INSTRUCTIONS FOR THE TASK: Repeat precisely the span of lines below that opens with the line containing "ワンピース マキシワンピース レディース" and closes with the line containing "故宮南院五歲,帶來五大獻禮。", both included.

DATASET RECORDS:
============================================================
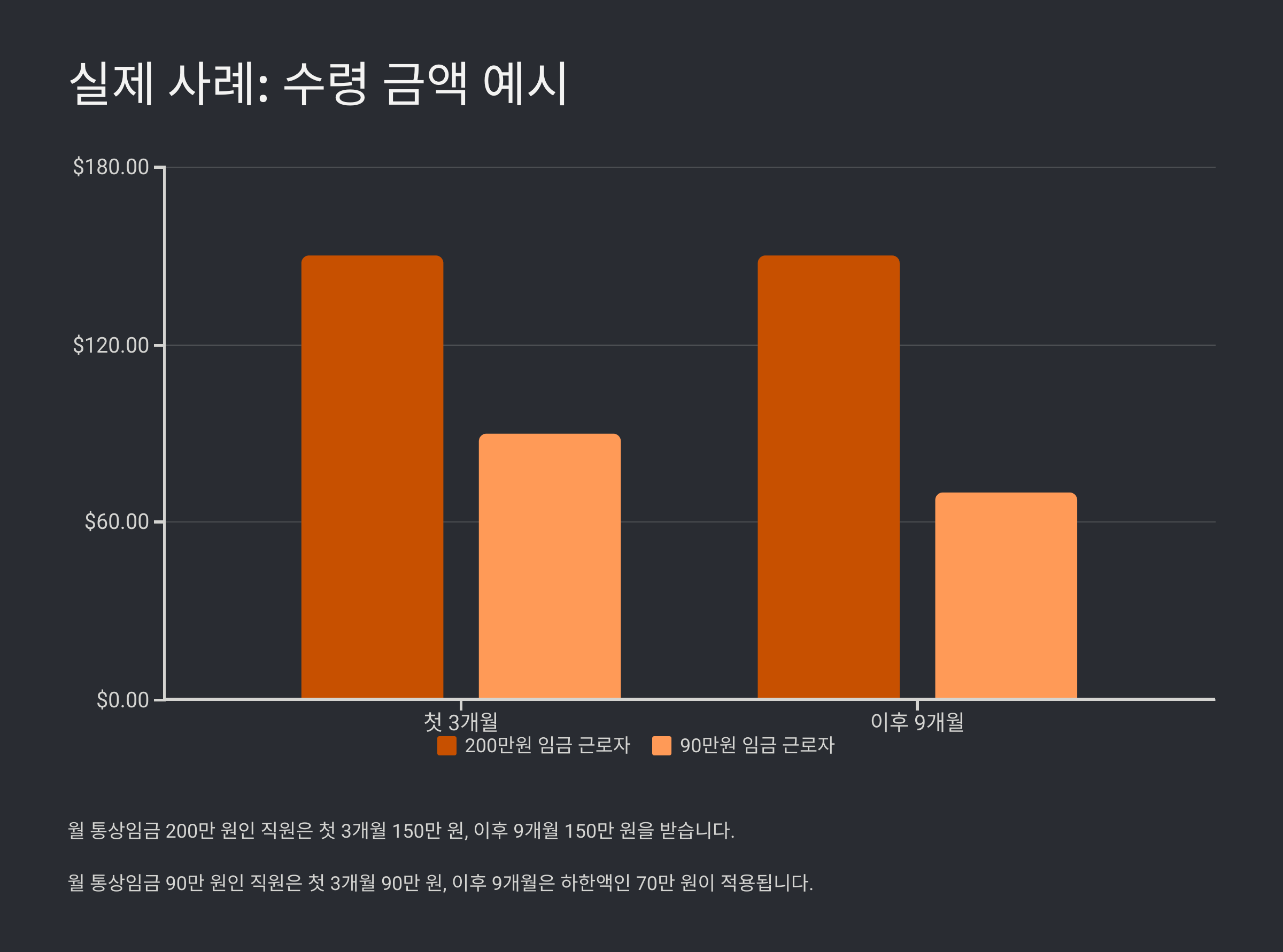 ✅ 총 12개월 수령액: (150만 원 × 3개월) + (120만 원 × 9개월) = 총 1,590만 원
============================================================
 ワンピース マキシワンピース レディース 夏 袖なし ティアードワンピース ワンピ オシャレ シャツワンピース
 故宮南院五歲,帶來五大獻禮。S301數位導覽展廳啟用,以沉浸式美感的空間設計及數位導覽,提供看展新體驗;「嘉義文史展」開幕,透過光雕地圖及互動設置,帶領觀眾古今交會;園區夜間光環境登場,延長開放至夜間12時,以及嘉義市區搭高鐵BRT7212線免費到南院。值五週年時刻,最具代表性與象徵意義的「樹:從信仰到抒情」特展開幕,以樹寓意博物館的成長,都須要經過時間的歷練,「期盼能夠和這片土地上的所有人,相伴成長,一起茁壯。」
============================================================
YOUR RESPONSE:
 ワンピース マキシワンピース レディース 夏 袖なし ティアードワンピース ワンピ オシャレ シャツワンピース
 故宮南院五歲,帶來五大獻禮。S301數位導覽展廳啟用,以沉浸式美感的空間設計及數位導覽,提供看展新體驗;「嘉義文史展」開幕,透過光雕地圖及互動設置,帶領觀眾古今交會;園區夜間光環境登場,延長開放至夜間12時,以及嘉義市區搭高鐵BRT7212線免費到南院。值五週年時刻,最具代表性與象徵意義的「樹:從信仰到抒情」特展開幕,以樹寓意博物館的成長,都須要經過時間的歷練,「期盼能夠和這片土地上的所有人,相伴成長,一起茁壯。」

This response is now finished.